As a flood of data puts increasing pressure on the storage requirements of small and midsize businesses, midmarket storage specialist QNAP Systems is offering additions for the high-end SMB market segment with two 16-drive 3U rack mount Turbo network-attached storage models with up to 64-terabyte storage capacity using 4TB drives.
The TS-EC1679U-RP and TS-1679U-RP are powered by the Intel Xeon processor and the Intel Core i3 processor, respectively, and are currently shipping.
The TS-EC1679U-RP is a 16-drive 3U rack mount unit with a Quad-core Xeon Processor E3-1225 (3.1GHz), double-data rate type 3 (DDR3) ECC RAM, 600W redundant power supply, two expansion slots for storage expansion and network expansion and four Gigabit LAN ports with a variety of expansion options for Gigabit + 10 Gigabit Ethernet networking. The TS-1679U-RP is a 16-drive 2U rack mount unit with a dual-core Core i3-2120 processor (3.3GHz), DDR3 RAM, 600W redundant power supply, two storage and network expansion slots and four Gigabit LAN ports.
The appliances support file-sharing in mixed Windows, Mac, Linux and Unix environments, private cloud storage, and high-performance computing applications, such as high-definition video editing, as well as network-wide backups. Both models feature the companys network-attached storage (NAS) management software, as well as user privilege design, Windows AD integration, Lightweight Directory Access Protocol (LDAP) server and client implementation applications.
Designed for network shared storage for virtual server environments, the appliances can simultaneously provide storage solutions for IP-SAN (iSCSI) and NAS implementations and are VMware-ready, Citrix-ready, and Windows Hyper-V-compliant, according to a company release. To reduce failure points, the new models are designed with cable-less backplanes connecting drives to the controller board. The hardware’s intrusion-detection feature generates a log entry and alerts the administrators when the chassis is opened.
In addition, both models have optional 10GbE networking and 6G-bps serial ATA (SATA) interfaces, achieving 2,000MB per second and 200,000 input/output per second (IOPS) throughput, as well as a hot-swappable power supply and cooling fan modules. The rapid growth of data and the demanding requirements for efficiency and reliability require high-performance network-attached storage solutions, David Tuhy, general manager of Intel’s Storage Group, said in a statement.
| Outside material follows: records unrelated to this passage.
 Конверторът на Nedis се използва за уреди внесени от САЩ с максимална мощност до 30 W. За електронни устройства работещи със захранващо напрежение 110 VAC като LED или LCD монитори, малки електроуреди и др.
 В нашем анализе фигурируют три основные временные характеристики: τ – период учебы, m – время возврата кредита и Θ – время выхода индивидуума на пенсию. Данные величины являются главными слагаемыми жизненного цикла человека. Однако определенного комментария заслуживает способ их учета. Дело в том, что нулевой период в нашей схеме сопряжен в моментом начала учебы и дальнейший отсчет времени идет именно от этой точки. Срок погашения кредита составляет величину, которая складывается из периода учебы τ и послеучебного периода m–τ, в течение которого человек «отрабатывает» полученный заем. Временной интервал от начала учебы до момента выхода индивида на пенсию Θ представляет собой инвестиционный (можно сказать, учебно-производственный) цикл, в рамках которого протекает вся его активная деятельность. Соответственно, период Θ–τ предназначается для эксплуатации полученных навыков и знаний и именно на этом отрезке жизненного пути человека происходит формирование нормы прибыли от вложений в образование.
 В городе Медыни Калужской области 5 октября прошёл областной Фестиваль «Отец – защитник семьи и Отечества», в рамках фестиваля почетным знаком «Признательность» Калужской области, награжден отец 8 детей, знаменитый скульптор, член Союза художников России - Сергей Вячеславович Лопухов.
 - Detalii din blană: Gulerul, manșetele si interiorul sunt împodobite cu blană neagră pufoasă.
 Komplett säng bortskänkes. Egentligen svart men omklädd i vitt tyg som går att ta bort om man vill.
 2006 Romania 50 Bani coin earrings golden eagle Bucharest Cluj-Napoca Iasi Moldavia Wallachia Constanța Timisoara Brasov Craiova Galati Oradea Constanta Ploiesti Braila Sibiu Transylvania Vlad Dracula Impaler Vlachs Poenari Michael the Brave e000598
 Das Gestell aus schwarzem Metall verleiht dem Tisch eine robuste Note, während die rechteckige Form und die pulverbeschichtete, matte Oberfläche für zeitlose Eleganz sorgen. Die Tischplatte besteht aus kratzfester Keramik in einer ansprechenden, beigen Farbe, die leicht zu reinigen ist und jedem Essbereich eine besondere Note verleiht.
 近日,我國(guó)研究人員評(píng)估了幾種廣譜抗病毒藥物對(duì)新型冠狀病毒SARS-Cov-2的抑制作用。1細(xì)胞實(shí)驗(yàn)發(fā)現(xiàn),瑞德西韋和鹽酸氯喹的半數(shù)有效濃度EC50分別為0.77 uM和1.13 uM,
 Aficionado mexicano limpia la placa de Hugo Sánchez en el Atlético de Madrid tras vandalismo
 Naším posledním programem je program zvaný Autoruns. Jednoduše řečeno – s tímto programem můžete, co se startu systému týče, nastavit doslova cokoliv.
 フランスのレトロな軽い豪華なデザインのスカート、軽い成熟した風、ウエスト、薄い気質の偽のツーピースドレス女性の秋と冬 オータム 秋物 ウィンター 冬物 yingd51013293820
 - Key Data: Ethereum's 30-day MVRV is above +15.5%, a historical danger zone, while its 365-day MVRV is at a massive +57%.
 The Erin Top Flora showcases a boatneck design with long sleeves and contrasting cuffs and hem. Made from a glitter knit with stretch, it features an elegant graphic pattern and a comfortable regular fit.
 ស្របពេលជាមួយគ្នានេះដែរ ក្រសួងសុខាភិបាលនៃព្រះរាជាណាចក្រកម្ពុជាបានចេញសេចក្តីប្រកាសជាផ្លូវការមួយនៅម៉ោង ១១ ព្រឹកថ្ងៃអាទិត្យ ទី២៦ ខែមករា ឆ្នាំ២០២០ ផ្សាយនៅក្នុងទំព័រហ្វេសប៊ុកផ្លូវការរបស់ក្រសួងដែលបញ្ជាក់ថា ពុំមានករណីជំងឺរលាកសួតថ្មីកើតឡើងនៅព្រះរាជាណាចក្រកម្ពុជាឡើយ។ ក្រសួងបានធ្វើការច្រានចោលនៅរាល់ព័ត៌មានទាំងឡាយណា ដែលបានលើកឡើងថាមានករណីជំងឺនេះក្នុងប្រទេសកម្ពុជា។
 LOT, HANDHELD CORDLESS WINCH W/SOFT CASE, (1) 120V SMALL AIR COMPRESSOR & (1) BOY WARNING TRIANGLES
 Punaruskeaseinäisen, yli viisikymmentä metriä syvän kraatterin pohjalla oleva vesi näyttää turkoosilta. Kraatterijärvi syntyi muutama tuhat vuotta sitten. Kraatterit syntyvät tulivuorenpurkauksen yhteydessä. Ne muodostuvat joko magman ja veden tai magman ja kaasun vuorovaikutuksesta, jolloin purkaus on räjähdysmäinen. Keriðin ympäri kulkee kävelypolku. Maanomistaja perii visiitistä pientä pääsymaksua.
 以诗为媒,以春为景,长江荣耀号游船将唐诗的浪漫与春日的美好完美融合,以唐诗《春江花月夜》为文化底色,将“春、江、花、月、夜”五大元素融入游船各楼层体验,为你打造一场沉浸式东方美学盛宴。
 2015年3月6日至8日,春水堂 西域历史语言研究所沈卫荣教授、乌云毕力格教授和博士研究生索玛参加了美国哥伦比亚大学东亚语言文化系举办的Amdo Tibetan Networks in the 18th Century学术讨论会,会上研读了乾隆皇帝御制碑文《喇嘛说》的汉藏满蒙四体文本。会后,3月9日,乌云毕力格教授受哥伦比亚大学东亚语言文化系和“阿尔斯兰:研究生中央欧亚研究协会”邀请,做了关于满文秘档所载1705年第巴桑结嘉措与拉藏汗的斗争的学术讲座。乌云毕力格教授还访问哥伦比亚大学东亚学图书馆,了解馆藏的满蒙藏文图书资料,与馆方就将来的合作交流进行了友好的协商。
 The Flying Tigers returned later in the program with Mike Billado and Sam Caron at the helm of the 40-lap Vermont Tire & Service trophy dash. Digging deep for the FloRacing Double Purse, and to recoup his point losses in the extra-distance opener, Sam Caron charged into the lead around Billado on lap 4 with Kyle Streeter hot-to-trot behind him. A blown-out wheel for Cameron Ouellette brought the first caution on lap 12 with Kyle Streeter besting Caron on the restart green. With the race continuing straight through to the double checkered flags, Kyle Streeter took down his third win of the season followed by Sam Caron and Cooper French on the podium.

The two storage appliances also support redundant array of independent disks (RAID) 0, 1, 10, 5, 6, 5+ hot spare, 6+ hot spare, 10+ hot spare, single-disk, just a bunch of disks (JBOD) and other formats, as well as the Global Hot Spare, which allows a spare drive to replace a failed drive on any RAID volume on the NAS for automatic RAID data rebuilding.
Performance is only part of the equation, though; the new models also raise the bar on reliability and uptime by reducing failure points and maximizing redundancy in critical components so the system administrators have peace of mind they made the right choice for their networked storage, Meiji Chang, general manager of QNAP, said in a statement.